So, we have Kawhi leading with (4pts), Isaiah Thomas tied in second with Westbrook at 3pts each, and Lebron at 2pts.
I won’t be grading the players with this, but here is a non-linear regression for those interested in seeming more flow in the data.
gg <- ggplot(aes(x = FGA, y = PointDiff, color = Playername),data = mvp.noNA)
gloess<- gg + geom_point() + geom_smooth(method = "loess") +labs(title = "Results may Vary", x = "Field Goal Attempts", y = "Game Point Differential")
gloess
Alright, our third metric, The game score per minute (converted to seconds). The idea behind this is to see two things.
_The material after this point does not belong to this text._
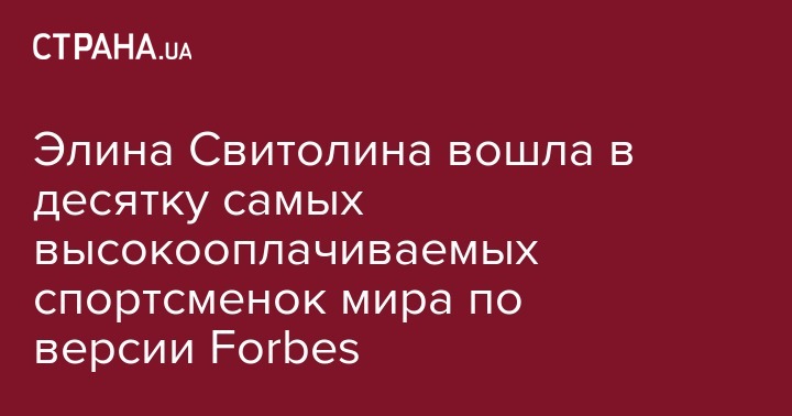 Первая ракетка Украины Элина Свитолина вошла в топ-10 самых высокооплачиваемых спортсменок мира с 1 июня 2018 года по 1 июня 2019-го. Соответствующий рейтинг опубликовал Forbes.
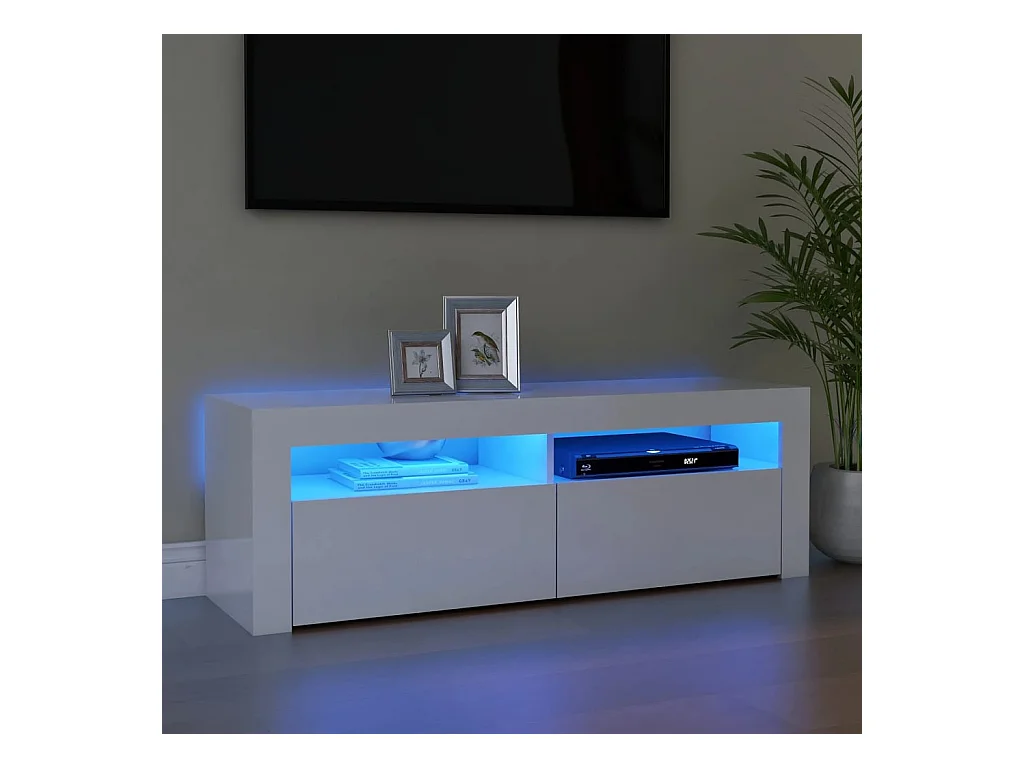 Afet Meuble TV avec lumières LED blanc brillant 120x35x40 cm

#thank you to "Jeff" from stackoverflow for the following function, I wanted to avoid adding more packages like lubridate.
toSeconds <- function(x){
if (!is.character(x)) stop("x must be a character string of the form H:M:S")
if (length(x)<=0)return(x)
unlist(
lapply(x,
function(i){
i <- as.numeric(strsplit(i,':',fixed=TRUE)[[1]])
if (length(i) == 3)
i[1]*3600 + i[2]*60 + i[3]
else if (length(i) == 2)
i[1]*60 + i[2]
else if (length(i) == 1)
i[1]
}
)
)
}
mm <- mvp.noNA$MP #changing the column from MM:SS to seconds
mm <- toSeconds(mm)
mvp.noNA$MP <- mm
gg <- ggplot(aes(x = MP, y = GmSc, color = Playername),data = mvp.noNA)
Gscoreglm <- gg + geom_point() + geom_smooth(method = "lm")
Gscoreloess <- gg + geom_point() + geom_smooth(method = "loess",se= FALSE) +
labs(x = "Seconds", y = "Game Score",
title = "More Time, More Game Score")
Here are the the two graphs, one linear, one non-linear. Along with the coefficient table for the player’s linear regressions.
coeftbl2 = NULL
for(i in c("westbrook","james","leonard","thomas","harden")){
coeftbl2 <- rbind(coeftbl2,
lm(GmSc~MP, data = mvp.noNA[mvp.noNA$Playername == i,])$coefficients[2])
}
coeftbl2 <- cbind(c("westbrook","james","leonard","thomas","harden"),coeftbl2)
coeftbl2 <- as.data.frame(coeftbl2)
coeftbl2[,2] <- as.numeric(as.character(coeftbl2[,2]))
coeftbl2 <- coeftbl2[order(coeftbl2$MP, decreasing = TRUE),]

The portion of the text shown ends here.